Warner Bros. Television, for one, makes shows for all of Hollywood, including the Apple TV Plus juggernaut “Ted Lasso.” Sarnoff noted that the show was developed before HBO Max existed. But even though Jason Sudeikis isn’t lighting up HBO Max, the property is still valuable for the studio.
“When it was greenlit there was no HBO Max,” she said. “But, yes, it is profitable because I think it’s no great surprise the streamers pay a cost-plus model. We’re very thrilled to have a hit a hit show and partner in Apple on that, and Jason and [co-creator] Bill [Lawrence]. It’s the right thing in this moment in time to have a series about this kind of guy who’s so hopeful.”
Much Ado About Jason
Kilar was less concrete about his future with WarnerMedia, acknowledging that there’s a lot of speculation that he’ll step down once the Discovery merger closes. “It’s a fair question,” Kilar said when asked if he had definitive plans to leave when Zaslav takes the helm of Warner Bros. Discovery.

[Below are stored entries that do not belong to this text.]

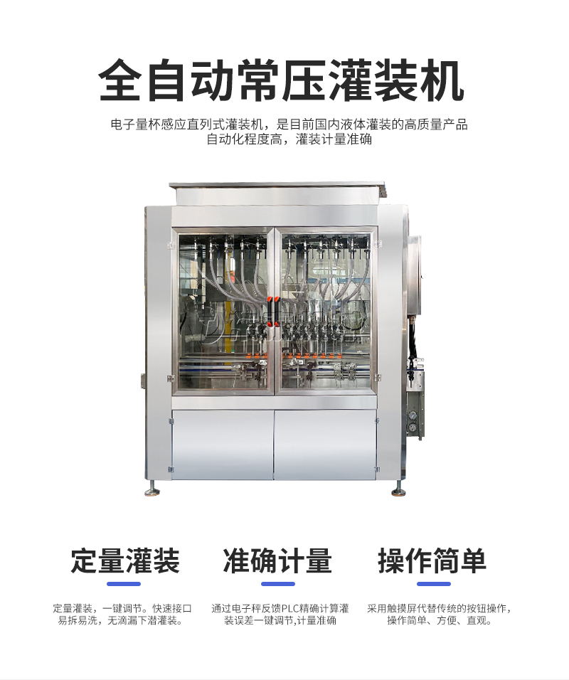 電子量杯感應(yīng)直列式灌裝機(jī),是目前國(guó)內(nèi)液體灌裝的高端產(chǎn)品,自動(dòng)化程度高,灌裝計(jì)量精確,適用于塑料瓶、玻璃瓶等各種幾何形狀的瓶型的不含氣體的酒水、飲料、調(diào)味品及其他溶液的定量灌裝。機(jī)器采用觸摸屏代替?zhèn)鹘y(tǒng)的按鈕操作,操作簡(jiǎn)單、方便、直觀。科技含量高。機(jī)器灌裝計(jì)量可通過(guò)觸摸屏對(duì)灌裝時(shí)間的調(diào)整實(shí)現(xiàn)不同計(jì)量灌裝,方便操作者使用。
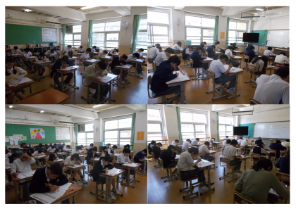 第1回定期テスト1 公開日 2018/05/24 更新日 2018/05/24 学校の様子 5月24日(木) 第1回定期テスト1日目です。みんな真剣に取り組んでいます。1年生にとっては初めてのテスト、ゆっくり落ち着いてよく読んで、焦らず最後までしっかり頑張りましょう。
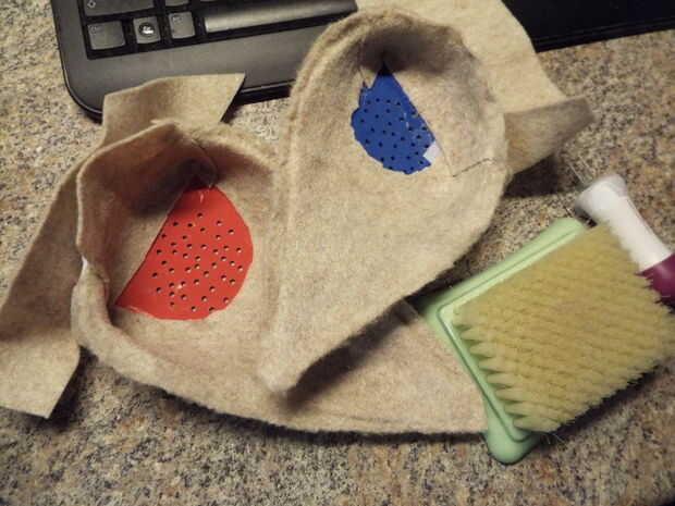 Puesto que tenemos que juntar los bordes de las dos piezas de oído interno y oído externo fieltro cubre, nos harán sentir juntos para crear una mirada perfecta. Trabajos de fieltro tomando una aguja especial tiene golpes en el eje de la aguja para atrapar fibras como se inserta en la tela. Con varias pasadas, las fibras del haz entrelazadas para crear una masa afieltrada. Al azar apuñalar el borde sobre un cepillo bloque de fieltro o espuma. Extraer el bloque de fieltro a menudo al cepillo hacia abajo y consolidar las fibras sueltas. Ir sobre el borde entero frente y atrás que sentía. No intente jab la parte de espuma por debajo el fieltro ya que puede romperse la aguja.
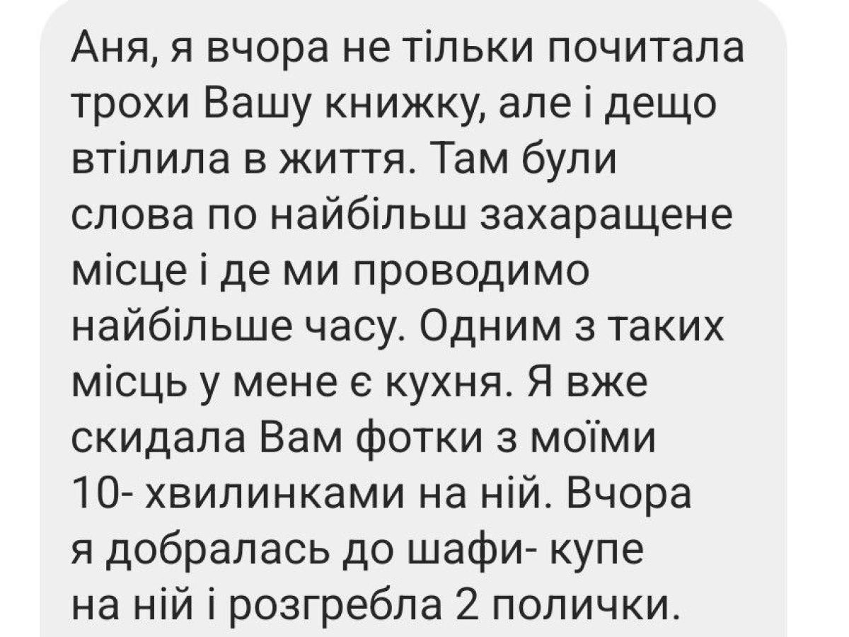 - Пройдете кожне приміщення, кожну шафу, кожну шухляду... і залишите там лише лад, зручність, інтуїтивно зрозумілу організацію.
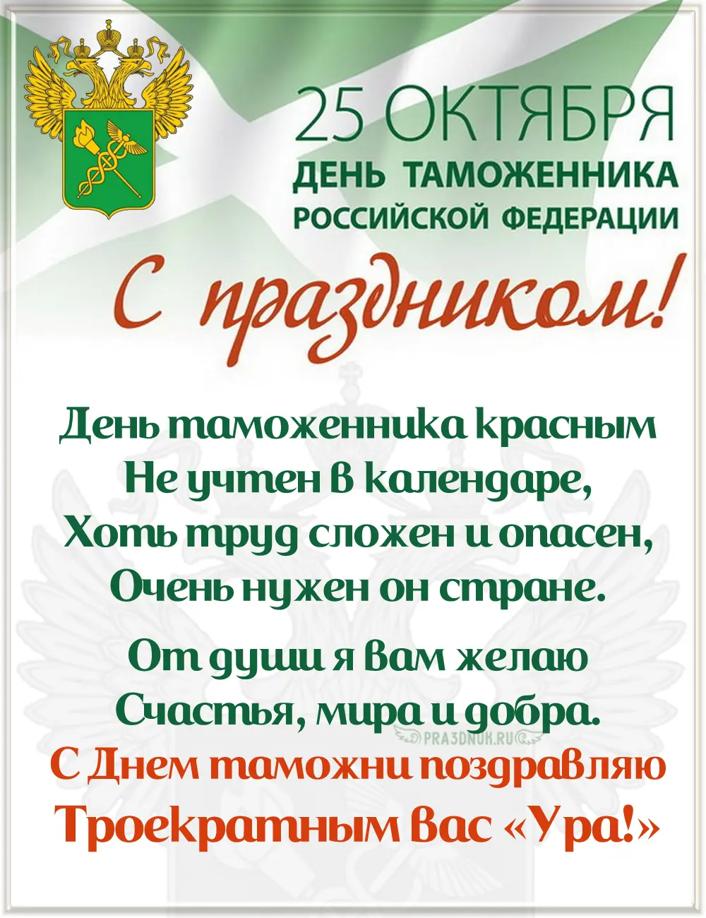 С праздником, дорогие таможенники! От души желаю вам терпения и мудрости в принятии решений, справедливости и точности в выполнении своих обязанностей. Пусть ваша работа способствует развитию внешнеэкономических связей, защите интересов государства и предотвращению незаконных действий. Благодарю вас за ваше нелегкое служение!
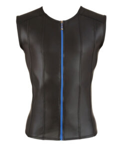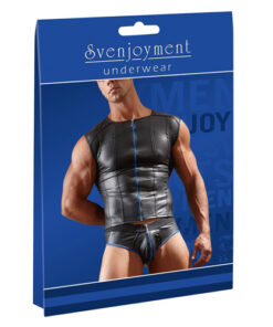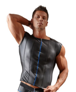 Fühlen Sie sich sexy und taff, mit diesem verführerischen schwarzen Shirt im Leder-Look. Das Shirt hat einen großen blauen Reißverschluss, damit sie es schnell ausziehen können, wenn die Situation heiß wird. Das Shirt dehnbar für gute Passform und angenehmen Tragekomfort. Tragen Sie es in Kombination mit einem sexy G-String, Boxershorts, Hosen oder mit gar nichts, und seien Sie bereits für eine Nacht voll Leidenschaft und Verführung mit Ihrem Partner.
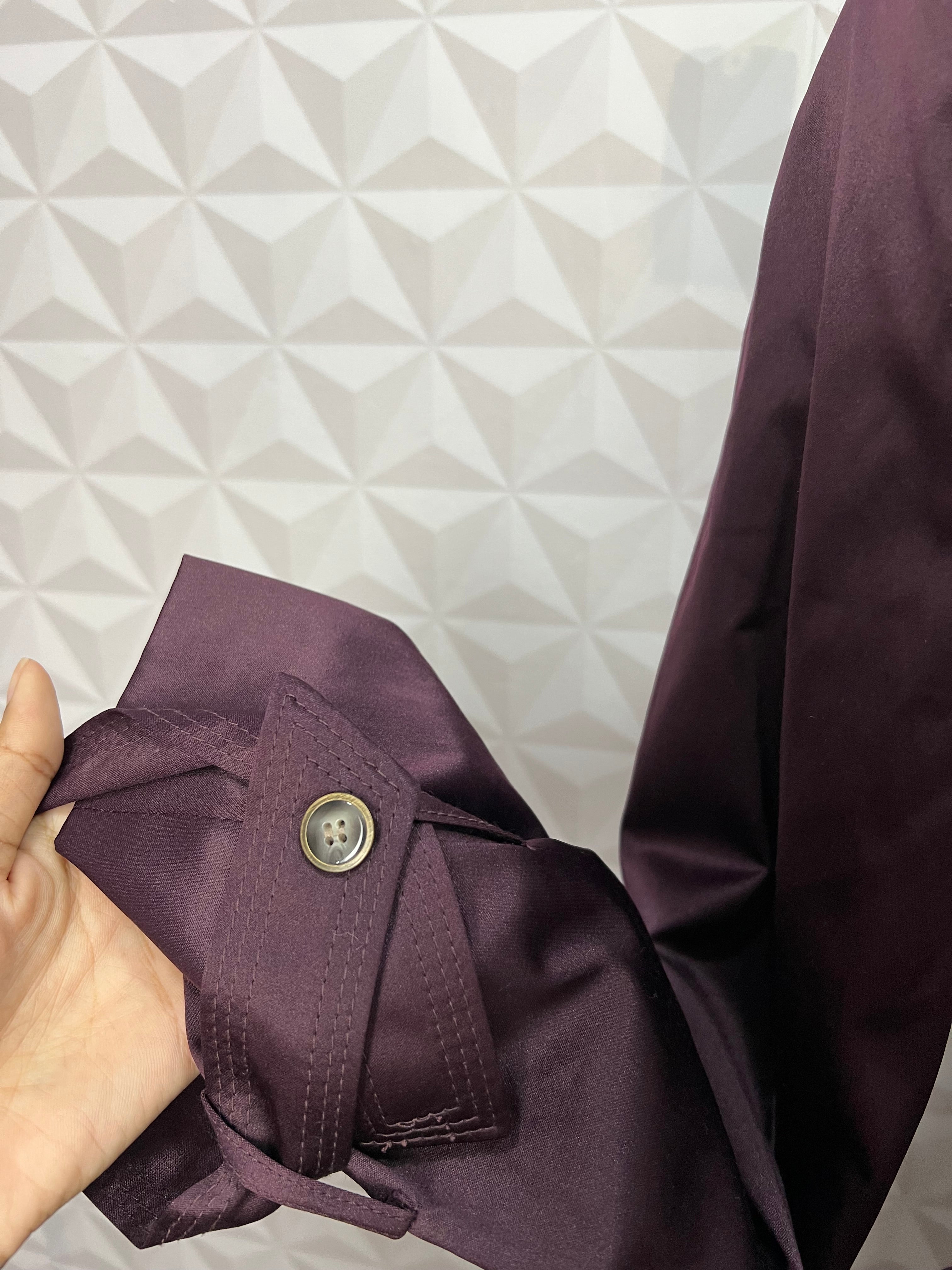 Sobretudo feminino roxo, tamanho P, perfeito para quem busca estilo e qualidade. Sem avarias e em excelente estado de reuso, é uma peça atemporal que traz sofisticação ao seu guarda-roupa. Com comprimento de 101 cm e manga de 59 cm, oferece conforto e proteção para diferentes ocasiões, combinando com diversos looks para um visual moderno e despojado.
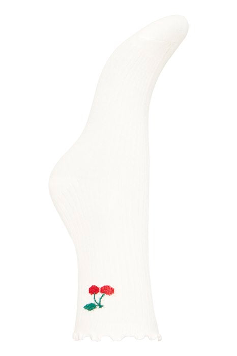 Supersøte sokker med pen avslutning og broderte kirsebær.
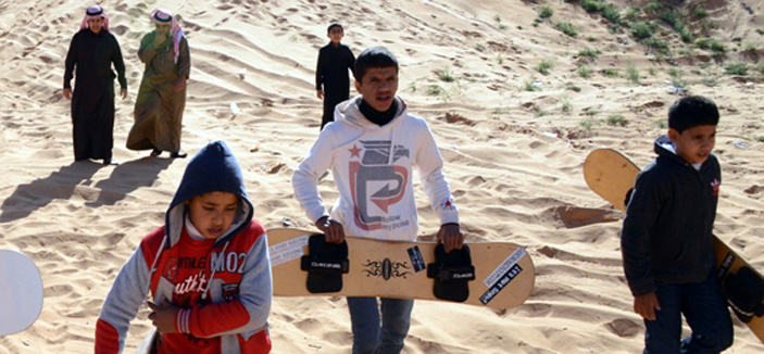 انطلقت بحائل فعالية رياضة التزلج على الرمال ضمن مهرجان الصحراء الدولي والذي قام تحت مظلة مجلس التنمية السياحية في المنطقة، وتقام فعالية التزلج على رمال نفود قناء شمال حائل 50 كيلو متراً ،وتعد منطقة حائل أول من ادخلت هذه الرياضة ضمن الأجندة السياحية الخاصة بالمنطقة. فيما استقطبت أعداداً كبيرة لممارستها في يومها الأول والتعرف على طريقة أدائها وقوانينها، وقام بممارستها أيضاً مقيمون من جنسيات مختلفة ،وسط حضور جماهيري لمراقبة ومتابعة هذه الفعالية الجديدة. من جهته ذكر لـ « الجزيرة» منظم الفعالية الكابتن غازي الشمري بأن الفعالية تم تجربتها العام الماضي ولقيت استحسانا وإقبالا جماهيريا من قبل زوار منطقة حائل، وهذا العام تم الاستعداد لها بشكل موسع ويوازي حجم الإقبال عليها ،فقد تم تحديد موقع الفعالية بعناية ،ليتمكن ممارس رياضة التزلج من قطع مسافة أطول على ظهر زلاجته، مع تدريب محبي هذه الرياضة على طريقة استخدام الزلاجات، وقوانين اللعبة. كما تم تأمين 15 زلاجة « ساند بورد» من أمريكا، مخصصة للتزلج على الرمال، خصيصا لهذه الفعالية.

“I’ll repeat what I shared with every single team member here on this lot, which is, in the new year, I will put my brain cells against that question,” he continued, promising transparency around his decision as he gets to “closure” on that question.
Explaining why he doesn’t have a clear-cut answer right now, Kilar explained that he’s focused on other matters at the moment.
“We’ve got a lot going on right now. We’ve got a big business with almost 30,000 people, that’s growing,” he said. “We’ve got, I think, the fastest growing streaming service in the markets in which we operate. And that’s my focus.”